──────── Given data ────────
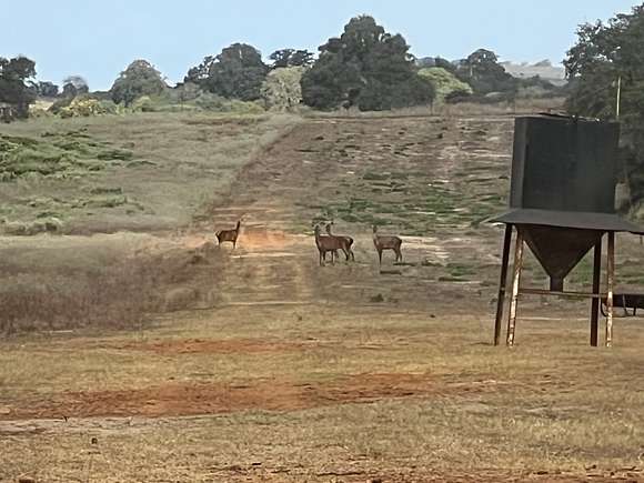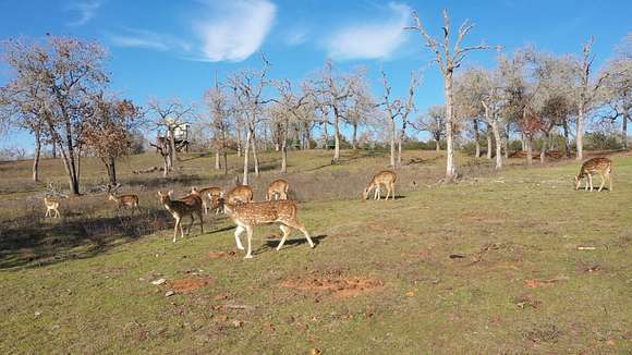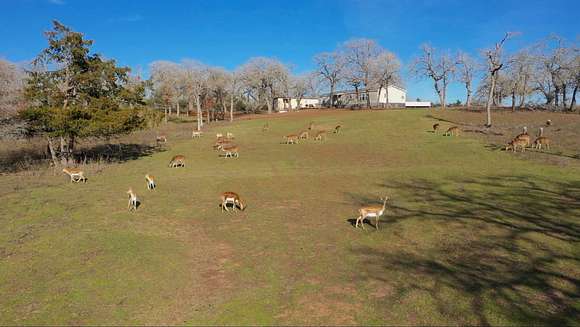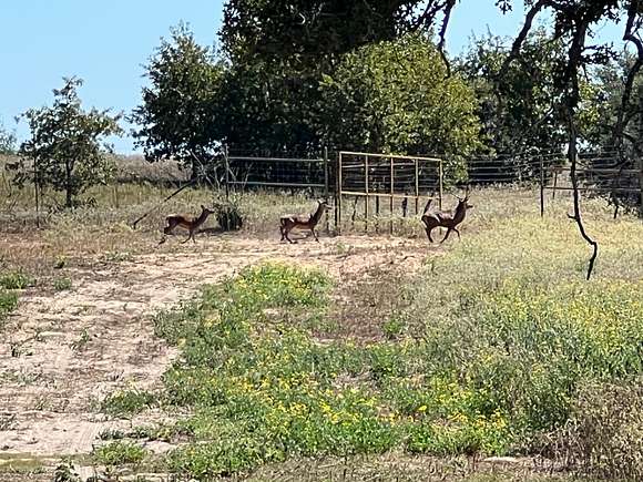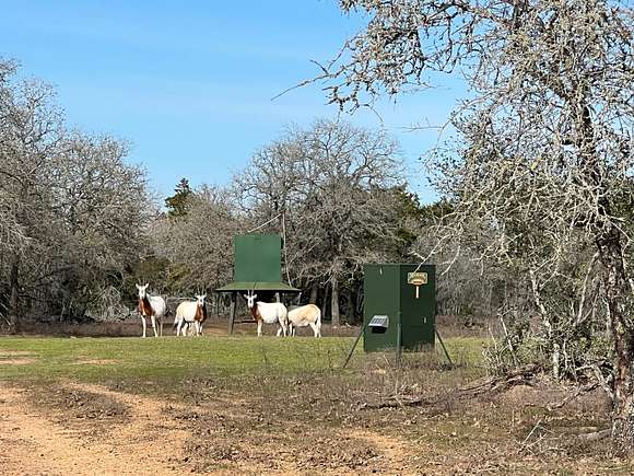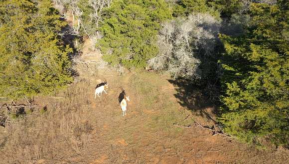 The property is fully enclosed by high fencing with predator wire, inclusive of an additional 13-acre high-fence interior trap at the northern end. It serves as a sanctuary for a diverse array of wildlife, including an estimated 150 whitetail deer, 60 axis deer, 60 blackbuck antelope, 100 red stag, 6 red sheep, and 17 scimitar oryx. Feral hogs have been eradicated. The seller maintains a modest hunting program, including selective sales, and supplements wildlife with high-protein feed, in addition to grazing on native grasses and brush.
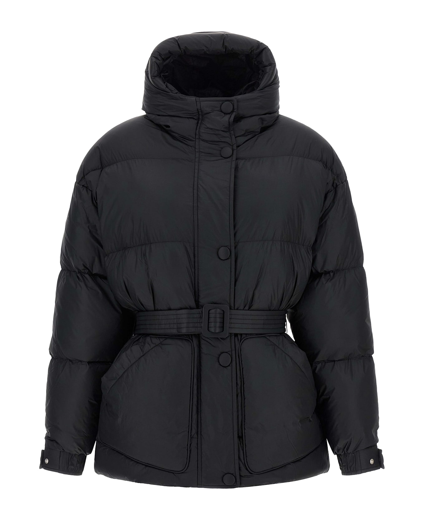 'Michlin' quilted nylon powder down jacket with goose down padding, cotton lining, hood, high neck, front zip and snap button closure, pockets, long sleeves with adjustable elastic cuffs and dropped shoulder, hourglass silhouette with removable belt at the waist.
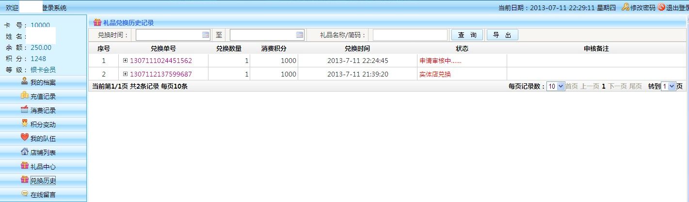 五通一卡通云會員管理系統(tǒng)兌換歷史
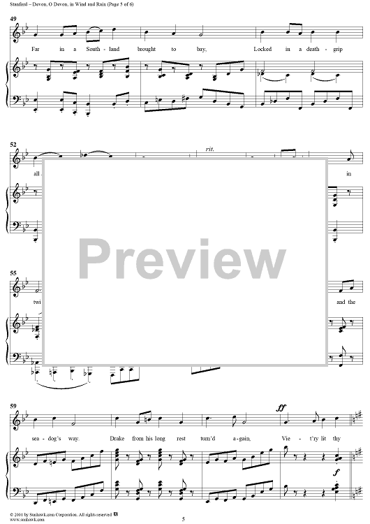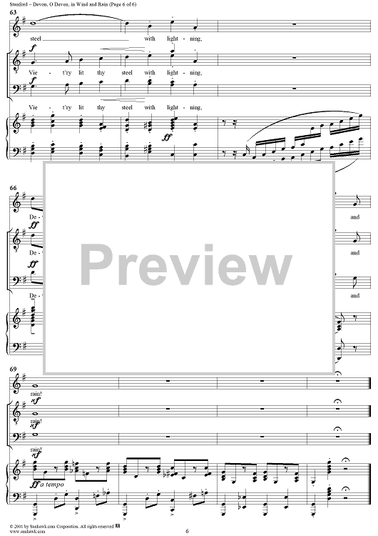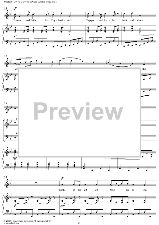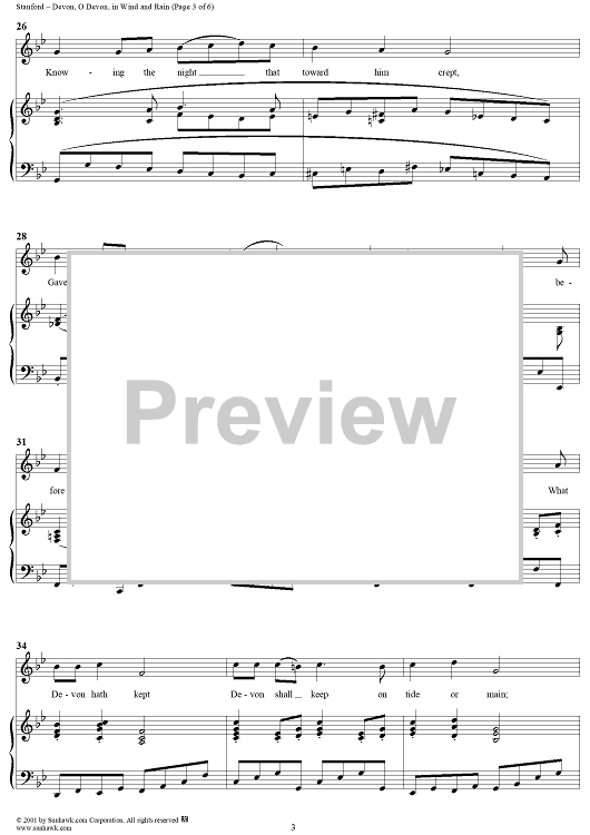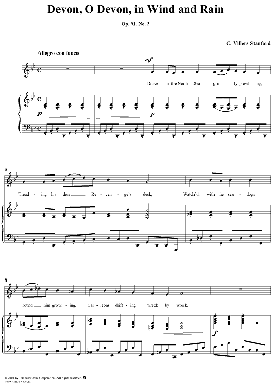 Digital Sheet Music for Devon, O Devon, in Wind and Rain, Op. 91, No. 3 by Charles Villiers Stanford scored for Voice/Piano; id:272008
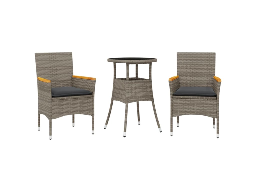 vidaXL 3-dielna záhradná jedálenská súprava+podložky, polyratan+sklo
────────
Exclude all pictures and reproduce exactly the lines from the one containing "Digital Sheet Music" through the final line of the entries above.

### Task result
 Digital Sheet Music for Devon, O Devon, in Wind and Rain, Op. 91, No. 3 by Charles Villiers Stanford scored for Voice/Piano; id:272008
 vidaXL 3-dielna záhradná jedálenská súprava+podložky, polyratan+sklo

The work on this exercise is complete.